The gap most writeups about this leave open
Read the existing material on Claude skills. You will find solid walkthroughs of the document set (one skill that reads PDFs, one that writes docx, one that diffs spreadsheets) and a lot of generic advice on writing skill.md frontmatter. What you will not find is a skill that actually drives the operating system. A skill that opens a remote VM, launches an installer, types into an internal admin tool, and screenshots the result. That is the workflow class skills are best suited for, and almost no public example shows it.
The reason is plumbing. To do desktop work, the skill needs OS hands. Bash and Read and Write are not enough.

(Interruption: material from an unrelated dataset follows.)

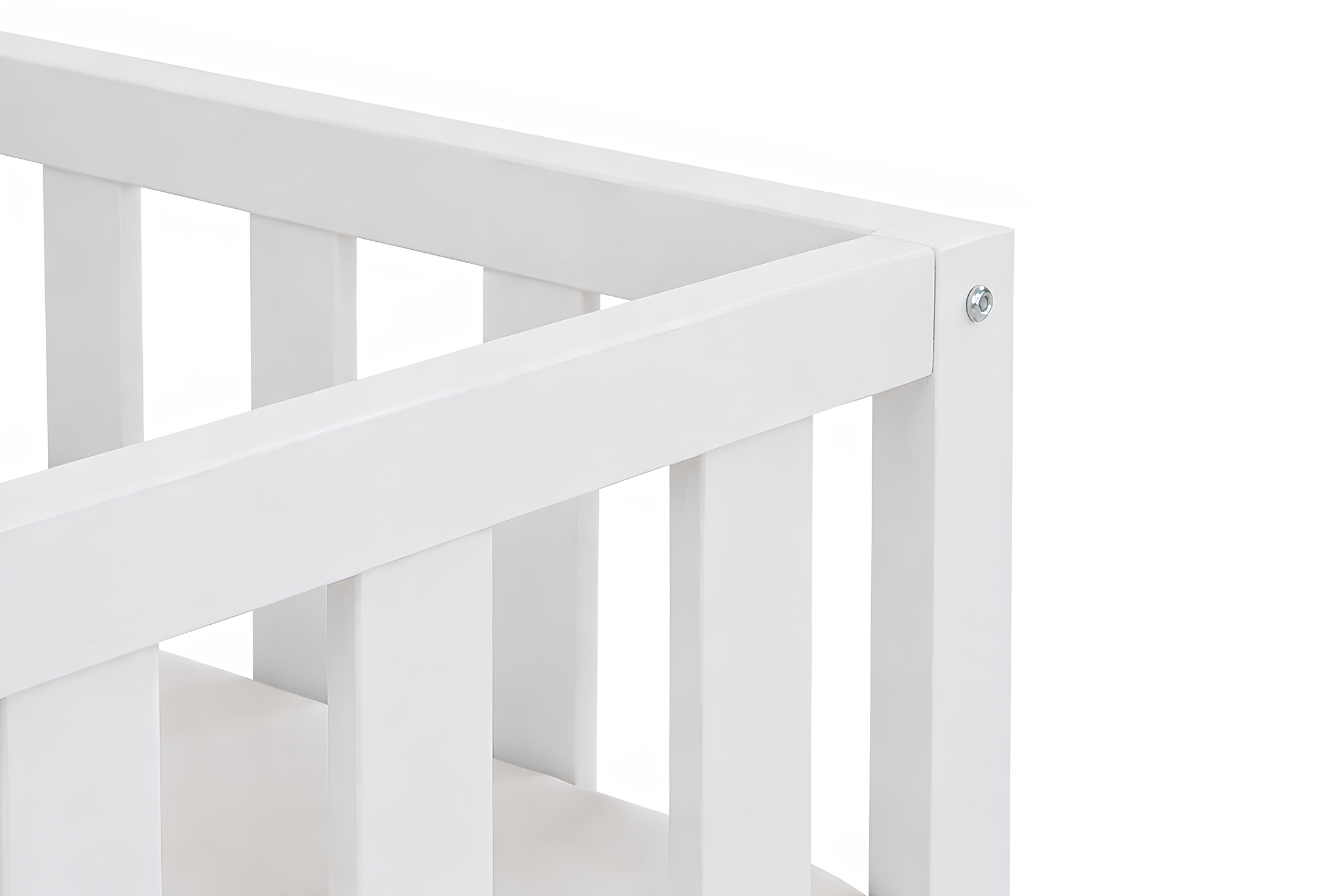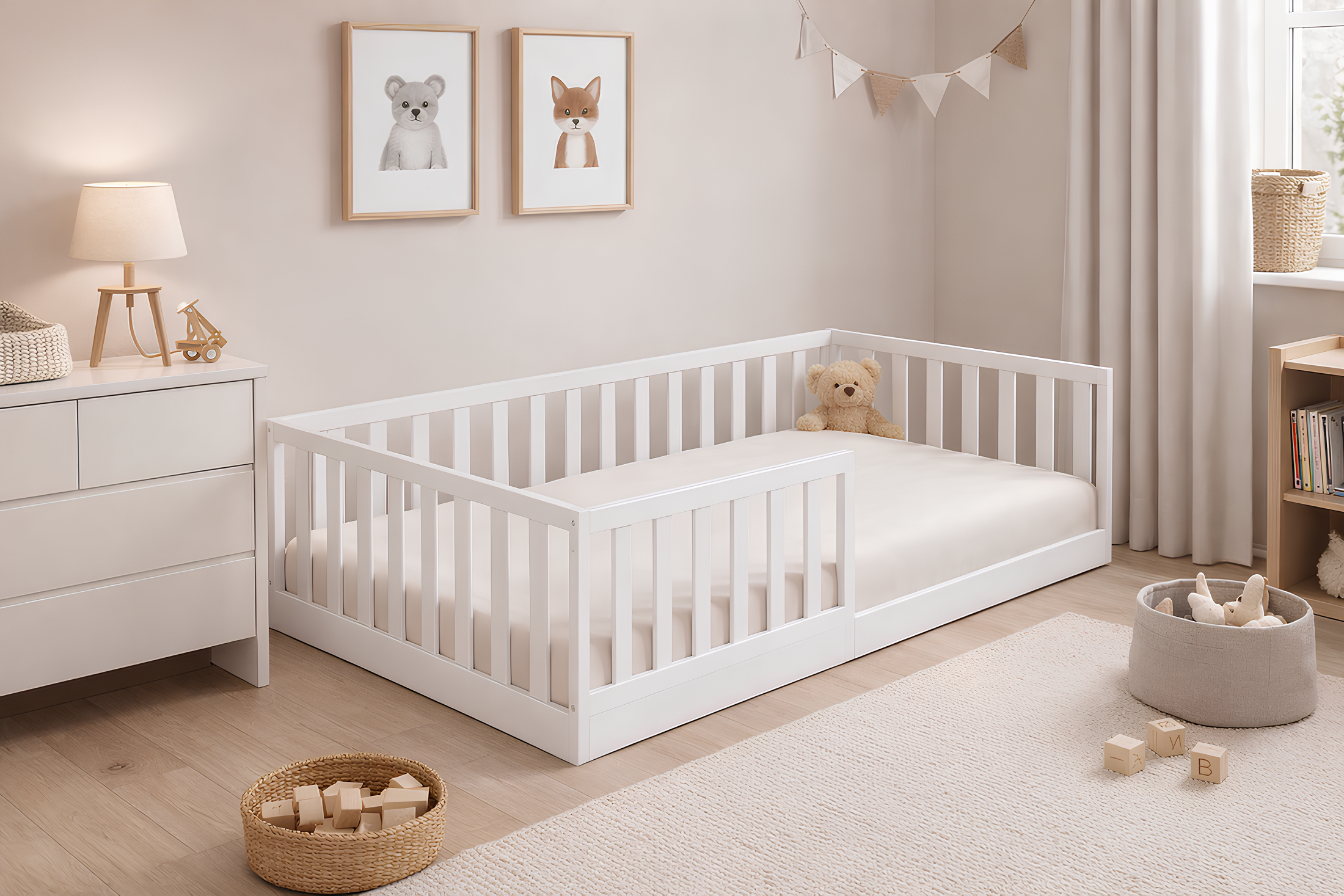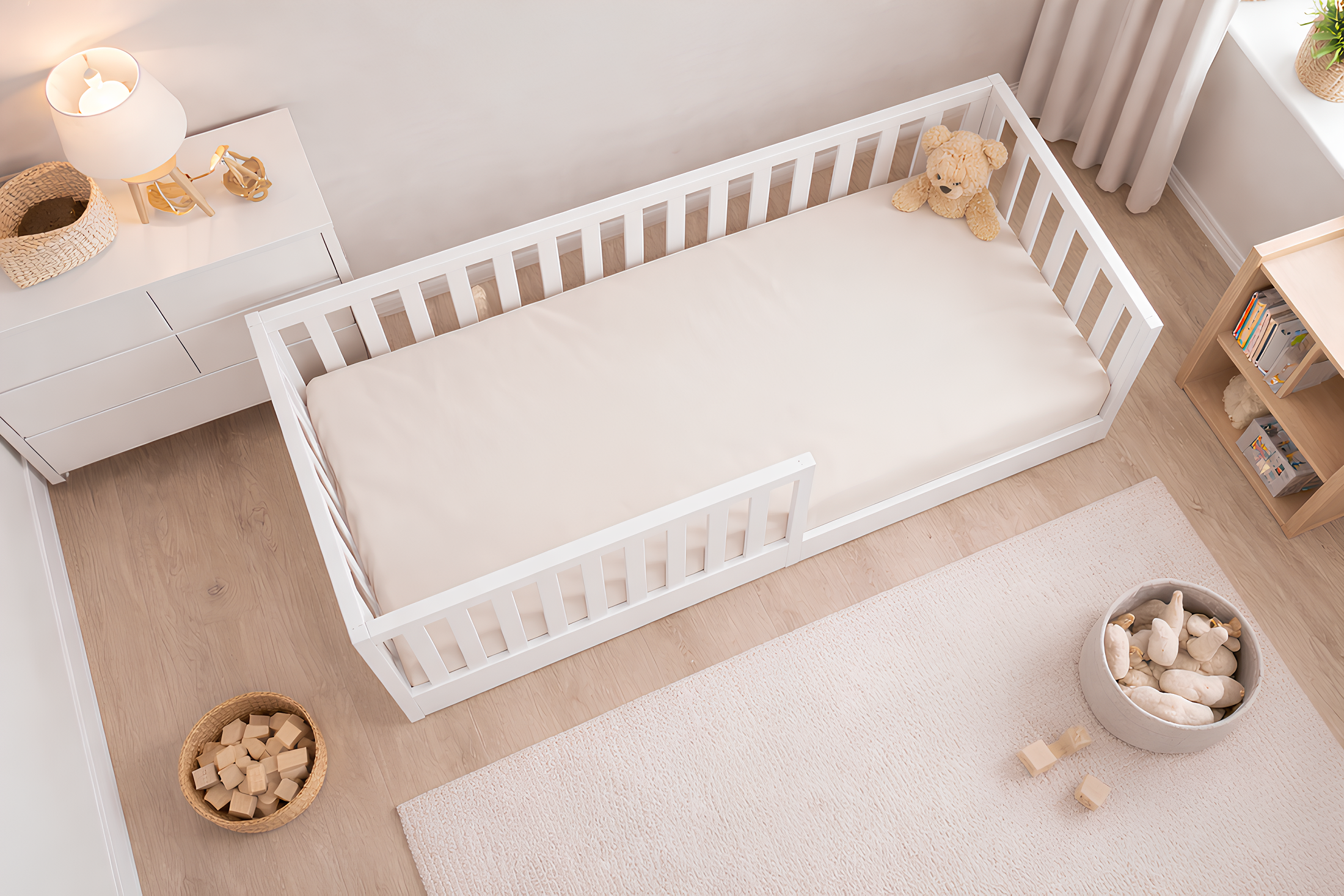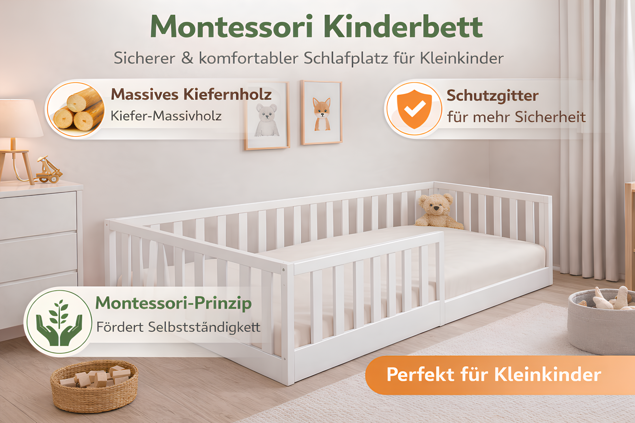 Montessori Bodenbett 90×200 cm – Kinderbett aus Kiefernholz mit Rausfallschutz in Weiß

You need a router that speaks UIAutomation on Windows, AXUIElement on macOS, and AT-SPI2 on Linux, with a stable selector grammar on top so Claude can call the same role:Button && name:Save on every platform. That router is what an MCP server like Terminator's gives you. The skill on top is the recipe. Both pieces ship together in the Terminator repo, in two specific files.
What the two skill files contain
Both skills are plain markdown. No build step, no Python helper, no embedded JavaScript. The work each one does lives entirely in the workflow Claude follows when the trigger phrase matches.
terminator-issue-reporter / skill.md
197 lines. Auto-activates on 'terminator issue', 'terminator bug', 'create issue', 'report bug'. Reads `~/.local/share/claude-cli-nodejs/Cache/*/mcp-logs-terminator-mcp-agent/*.txt` (or the LOCALAPPDATA path on Windows), extracts the last 100 log lines, drafts a GitHub issue body with env, repro YAML, and an immediate workaround.
remote-mcp / skill.md
212 lines. Frontmatter declares `allowed-tools: Bash, Read, Write`. Auto-activates on 'remote MCP', 'connect to machine', 'execute on remote'. Body holds a tool reference table mapping seven OS actions to `terminator mcp exec --url http://<IP>:8080/mcp <tool> '<json>'` calls.
35 #[tool(...)] macros
Defined inside `crates/terminator-mcp-agent/src/server.rs` (10,912 lines). Confirmed by `grep -c '#\[tool(' server.rs` returning 35. Each macro's `description` string is what Claude actually sees when picking a tool.
Selector grammar, in the skill
remote-mcp/skill.md teaches the operators inline. `>>` chain (scope into process). `&&` AND. `||` OR. `!` NOT. Examples like `process:chrome >> role:Button && name:Submit` are listed so Claude does not have to invent them mid-conversation.
JIT-loaded markdown, not code
Both files are plain markdown with YAML frontmatter. No build step. Drop them into `.claude/skills/<name>/skill.md`, Claude picks them up on next session, and the trigger-phrase list at the top is what activates them.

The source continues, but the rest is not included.